The International Journal of the Addictions, 21(6), 605-642, 1986.

        (I) "On the basis of available research, it was concluded
that there is no evidence that marijuana produces gross structural
cerebral changes and little evidence that it leads to functional
impairment, although subtle impairment cannot be ruled out." pg. 605.

        (II) "Evidence from both American and cross-cultural studies
suggests that marijuana probably does not produce chronic cerebral
impairment, although subtle impairment cannot be ruled out." pg. 629.

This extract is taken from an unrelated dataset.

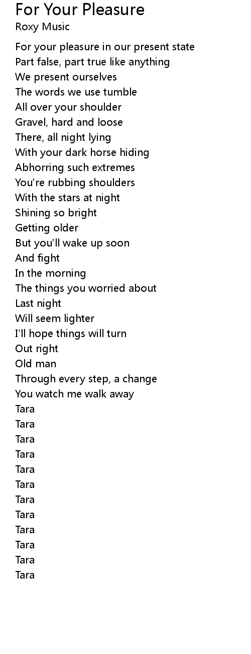 | [00:06.84] | For your pleasure in our present state |
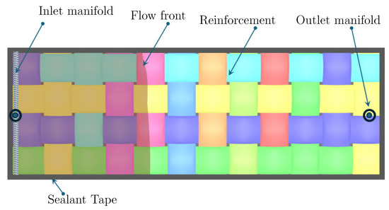 In this study, an analytical model is proposed by assuming a unidirectional flow through the mould in realistic conditions. The uni-directional flow assumption is justified here because the inlet gate was designed in a way that the flow of resin enters the mould parallel to the width of the mould, ensuring an in-plane flow, as shown in Figure 5. Flow through the thickness of the mats is neglected in this model, which is a valid assumption because the thickness of the mould is at least two orders of magnitude less than the planar dimensions of the layup of reinforcement mats. The conditions mentioned above are realistic and are valid for a wide range of practical cases in the infusion process. The constant inlet pressure boundary condition is also ensured during the process.

        This paper summarizes what research had determined about
marijuana's effects on the brain by the early 1980's.

        This paper also marks a transition in the focus of research
from brain damage to brain function.

 Leo E. Hollister

Health Aspects of Cannabis

Pharmacological Reports, 38(1), 1-20. 1986.

        This article reviews a) the acute and chronic effects of
cannabis in humans b) the possible adverse effects of cannabis on
health and c) the therapeutic uses of cannabis.  This article is
cited frequently and is considered one of the most authoritative
analyses of cannabis-oriented research to date.  Subsequent research
has tended to support Hollister's conclusions, particularly in regard
to tolerance and dependence.

        "Tolerance is not a problem when doses are small, or
infrequent, or where the pattern of use of the drug is not prolonged.
Tolerance only becomes a major factor with high, sustained, and
prolonged use of the drug . . . Large doses of THC are required over
long time periods for tolerance to develop.  As most social use of
the drug does not meet these requirements, neither tolerance nor
dependence has been a major issue in its social use."  pg. 9.

 William A. Devane, Francis A. Dysarz III, M. Ross Johnson, Lawrence
S. Melvin, and Allyn C. Howlett

Determination and Characterization of a Cannabinoid Receptor in Rat
Brain

Molecular Pharmacology, 34:605-613.  1988.

        Prior to this study, "one reason for our lack of insight
concerning the actions of cannabinoid drugs in the (Central Nervous
System) is that a clearly defined cellular mechanism(s) for this
class of drugs has remained elusive."  pg. 605.

        It had long been suspected that the effects of cannabis were
mediated by receptors in the brain, but until this study the
technology to determine and characterize these receptors did not
exist.  Prior research had established criteria for a
pharmacologically distinct cannabinoid receptor; this study met those
criteria by using autoradiographic binding of a potent isomer of THC
to tissues from a rat brain.

 Miles Herkenham, Allison B. Lynn, Mark D. Little, M. Ross Johnson,
Lawrence S. Melvin, Brian R. De Costa, and Kenner C. Rice.

Cannabinoid Receptor Localization in Brain

Proceedings of the National Academy of Science USA, 87:1932-1936.
1990.

        Herkenham's research team applied the technology developed by
Howlett's team to locating cannabinoid receptors in guinea pig, rat,
dog, monkey and human brains.

        Receptors are most dense in the basal ganglia, hippocampus,
and cerebellum, and are sparse in the lower brainstem areas
controlling heart and lung functions.  "High densities of receptors
in the forebrain and cerebellum implicate roles for cannabinoids in
cognition and movement." (pg. 1932.)

        Addressing recent interest in dopamine release in the brain,
Herkenham notes that:  "The presence of cannabinoid receptors in the
ventromedial striatum suggests an association with dopamine circuits
thought to mediate reward.  However, reinforcing properties of
cannabinoids have been difficult to demonstrate in animals.
Moreover, cannabinoid receptors in the basal ganglia are not
localized on dopamine neurons."  pg. 1936.